◆ **GIVEN DATA**:
======

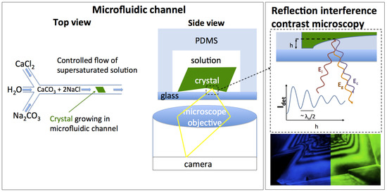 Controlled growth of calcite crystals in a microfluidic device studied by reflection interference contrast microscopy (RICM). (Left) Top view of the microfluidic channel showing how fluids are introduced and mixed to ensure stable supersaturation at the crystal surfaces. The microfluidic device rests on an inverted microscope to allow high resolution imaging of the crystal in situ during growth. The crystal grows on all surfaces, but the surface studied here is confined by the glass surface on which the crystal rests. (Right) Principle of RICM. The crystal is illuminated from the bottom, which is illustrated here by the electric field, , of the incident light. Due to the interference of the light reflected by the crystal-water interface, , with the light reflected by the glass-water interface, , the detected intensity, , depends on the distance, h, between the two interfaces and on the wavelength of the light, . Exemplary RICM images of a calcite crystal using a blue LED (left half) and a green LED (right half) are shown at the bottom. The fringes align at the outer part (rim) of the crystal, but differ for larger distances h towards the central part of the confined interface.
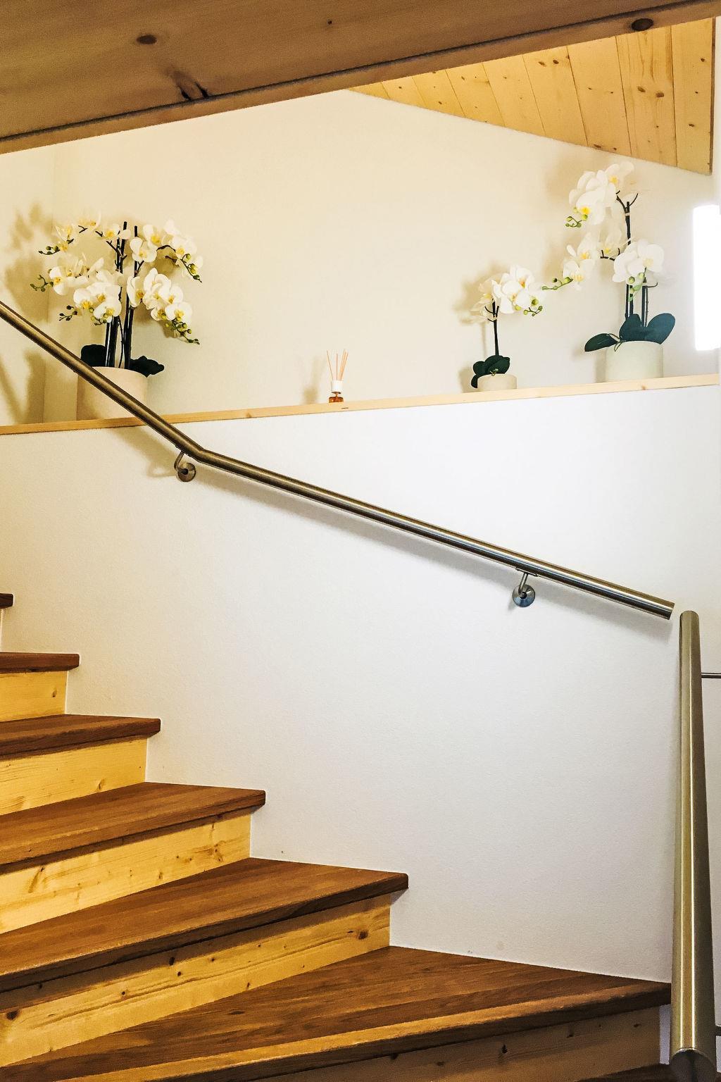 3-Zimmer-Wohnung 100 m2 auf 2 Stockwerken, Südlage. Geräumig, vollständig renoviert im Jahre 2023, komfortabel und gemütlich eingerichtet: offenes Wohn-/Esszimmer, Deckenhöhe 200 cm mit Esstisch, TV und Internationale TV-Sender. Ausgang zum Gartensitzplatz. Offene Küche (Backofen, Geschirrspüler, 4 Glaskeramikplatten, Toaster, Wasserkocher, elektrische Kaffeemaschine, Kapseln für die Kaffeemaschine (Nespresso) extra, Racletteofen, Fondue Set (Käse)). Dusche/WC. Obergeschoss: 2 abgeschrägte Zimmer, Deckenhöhe 60 - 200 cm, niedrige Türrahmen, Höhe 190 cm, jedes Zimmer mit 1 Bett (180 cm, Länge 200 cm). Herrliche Sicht auf die Berge und die Landschaft. Zur Verfügung: Waschmaschine, Wäschetrockner, Haartrockner. Internet (Wireless LAN, gratis). Parkplatz beim Haus. Bitte beachten: Nichtraucher-Unterkunft. Eigener Eingang, Feuerlöscher.
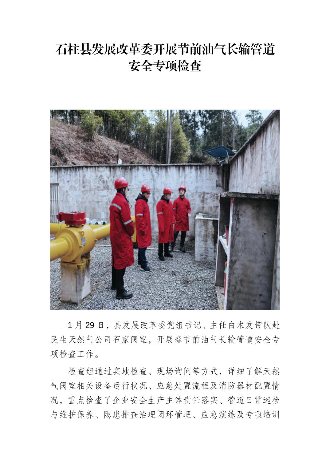 石柱县发展改革委开展节前油气长输管道安全专项检查

======

◆ **TASK ITEM**: Could you restate all of the data above word for word and skip every picture?

◆ **WRITTEN ANSWER**:
 Controlled growth of calcite crystals in a microfluidic device studied by reflection interference contrast microscopy (RICM). (Left) Top view of the microfluidic channel showing how fluids are introduced and mixed to ensure stable supersaturation at the crystal surfaces. The microfluidic device rests on an inverted microscope to allow high resolution imaging of the crystal in situ during growth. The crystal grows on all surfaces, but the surface studied here is confined by the glass surface on which the crystal rests. (Right) Principle of RICM. The crystal is illuminated from the bottom, which is illustrated here by the electric field, , of the incident light. Due to the interference of the light reflected by the crystal-water interface, , with the light reflected by the glass-water interface, , the detected intensity, , depends on the distance, h, between the two interfaces and on the wavelength of the light, . Exemplary RICM images of a calcite crystal using a blue LED (left half) and a green LED (right half) are shown at the bottom. The fringes align at the outer part (rim) of the crystal, but differ for larger distances h towards the central part of the confined interface.
 3-Zimmer-Wohnung 100 m2 auf 2 Stockwerken, Südlage. Geräumig, vollständig renoviert im Jahre 2023, komfortabel und gemütlich eingerichtet: offenes Wohn-/Esszimmer, Deckenhöhe 200 cm mit Esstisch, TV und Internationale TV-Sender. Ausgang zum Gartensitzplatz. Offene Küche (Backofen, Geschirrspüler, 4 Glaskeramikplatten, Toaster, Wasserkocher, elektrische Kaffeemaschine, Kapseln für die Kaffeemaschine (Nespresso) extra, Racletteofen, Fondue Set (Käse)). Dusche/WC. Obergeschoss: 2 abgeschrägte Zimmer, Deckenhöhe 60 - 200 cm, niedrige Türrahmen, Höhe 190 cm, jedes Zimmer mit 1 Bett (180 cm, Länge 200 cm). Herrliche Sicht auf die Berge und die Landschaft. Zur Verfügung: Waschmaschine, Wäschetrockner, Haartrockner. Internet (Wireless LAN, gratis). Parkplatz beim Haus. Bitte beachten: Nichtraucher-Unterkunft. Eigener Eingang, Feuerlöscher.
 石柱县发展改革委开展节前油气长输管道安全专项检查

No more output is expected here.